Are there any methods like isDestroyed or isDisposed to detect whether some object is destroyed or not?
via Digitalmars-d-learn
digitalmars-d-learn at puremagic.com
Sun Dec 14 03:07:05 PST 2014
On Saturday, 13 December 2014 at 21:20:43 UTC, Andrey Derzhavin
wrote:
>>
>> import std.stdio;
>>
>> class ObjectAType {
>> bool ok;
>> this() {ok = true;}
>> }
>>
>> void main()
>> {
>> auto a = new ObjectAType;
>> assert(a.ok);
>> destroy(a);
>> assert(!a.ok); // a has been destroyed.
>> }
>>
>
> This method of detection of collected objects is what I needed.
> Thanks to everybody for your advise.
Be careful - the memory could still have been reused. For example:
assert(a.ok);
destroy(a);
// ... lots of code, maybe multi-threaded ...

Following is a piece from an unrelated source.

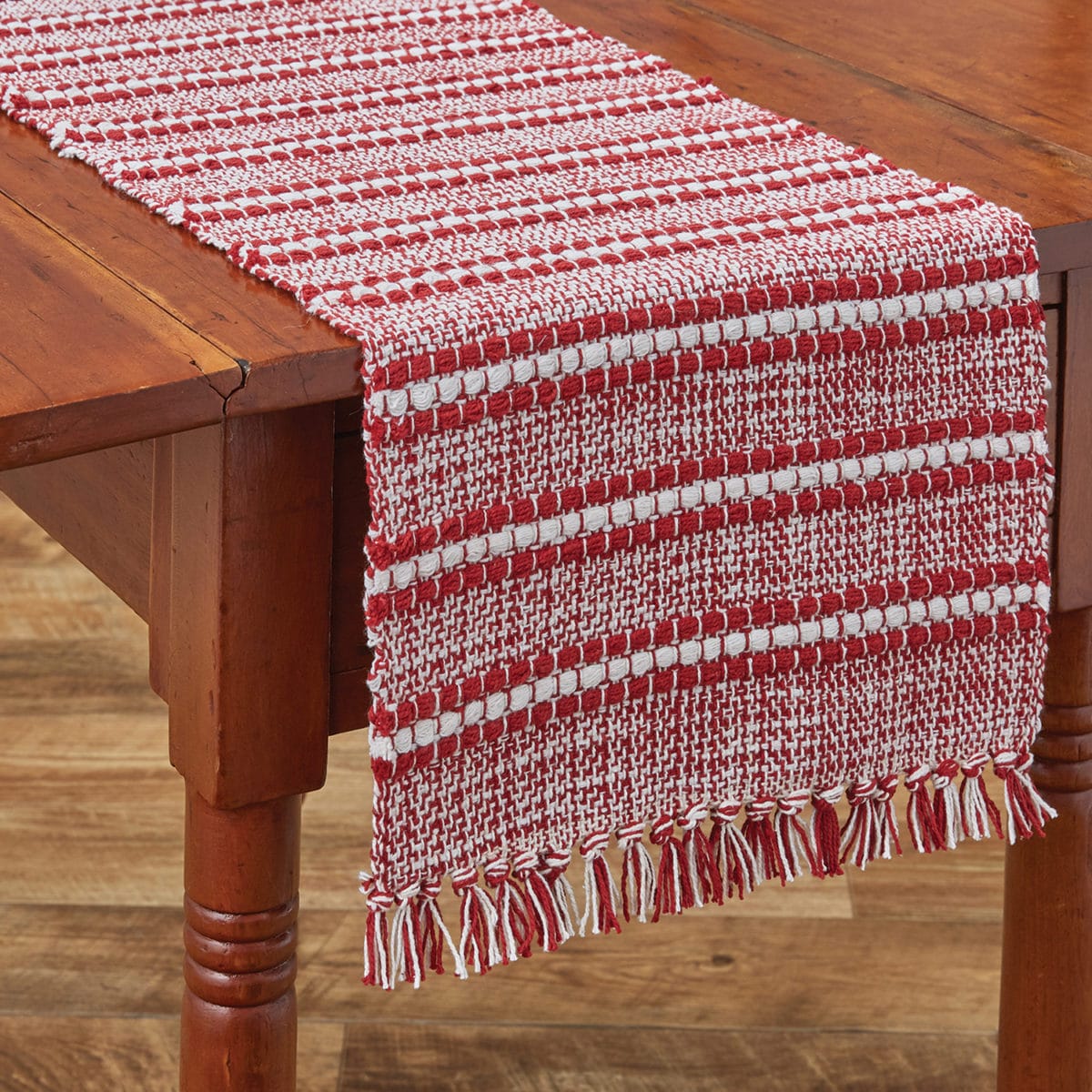 We love the fact that red and white never go out of fashion when it comes to Christmas decorating! Every year at Christmas, we see it displayed in new, up-to-date variations and styles. The Peppermint Stripe Table Runner offers an updated, easy-going look that is sure to enhance your holiday tabletop this season. The runner features a thicker, chunky weave with knotted fringes adding the perfect texture and dimension, along with a classic color combination and casual charm.

assert(!a.ok); // can fail
If between `destroy()` and the second `assert()`, the memory of
the object is collected, a new object (of the same or different
type) can have been placed there. You will then read an arbitrary
piece of data from that new object, which may or may not evaluate
to `true`.
The only case where this can be safe is when you can guarantee
that there are no new memory allocations between the destruction
and the test, or that the GC doesn't run. The first condition may
also be no longer sufficient if the GC starts moving objects
around (the current one doesn't).
Really, in practice you just cannot safely access GC managed
resources from inside a GC destructor. You're just asking for
trouble if you try to hack around that fact.